Frequently Asked Questions
- Is Base64 encoding the same as encryption?
- No. Base64 is a reversible encoding scheme, not encryption. It converts binary data into printable ASCII characters so it can be safely transmitted in text-based formats. Anyone who receives a Base64 string can decode it instantly without any key or password. If you need to protect sensitive data, use a proper encryption algorithm such as AES-256 — and apply Base64 encoding afterward only if you need the ciphertext in a text-safe format.

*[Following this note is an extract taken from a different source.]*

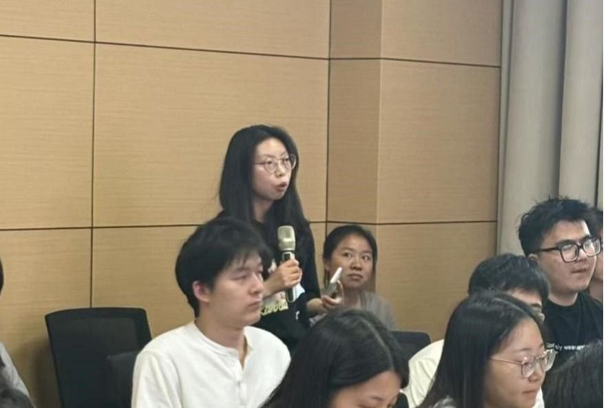 互动交流环节中,同学们围绕个人能力培养和未来职业发展等问题踊跃发言,积极请教。梅金华校友耐心细致地解答了同学们的问题,针对研究生个人能力培养问题,她建议同学们要在科研中养成敢思考、敢创新、敢尝试、敢解决的处理方式,既要强化能力提升,也要重视情商培养;针对女性职业发展问题,她结合自身实际经历与行业观察,建议同学们根据自身兴趣和实际情况制定发展路径,保持谦逊学习的态度,提高个人综合素养,强化自我调节能力,合理分配个人时间,权衡生活与工作关系,自尊自爱,坚定信念,茁壮成长。

- Why does my Base64 string end with one or two equals signs?
- The equals sign (=) is padding. Base64 encodes 3 bytes at a time into 4 characters. If the input is not a multiple of 3 bytes, the encoder adds 1 or 2 bytes of zero padding and marks them with = at the end of the output string. A string ending in == had one meaningful byte in the last group; one = means two. Some systems strip padding, which is fine as long as the decoder knows to expect it — just add the missing = characters back if you get a decode error.
- What is the difference between Base64 and Base64url?
- Standard Base64 uses + and / as two of its 64 characters. These characters have special meaning in URLs and file paths, which causes problems when a Base64 string is placed in a URL query parameter or used as a filename. Base64url is a URL-safe variant that substitutes - for + and _ for /. It also typically omits the trailing = padding. JWTs and many modern web APIs use Base64url. If you decode a Base64url string with a standard Base64 decoder without converting those characters first, you will get incorrect output or an error.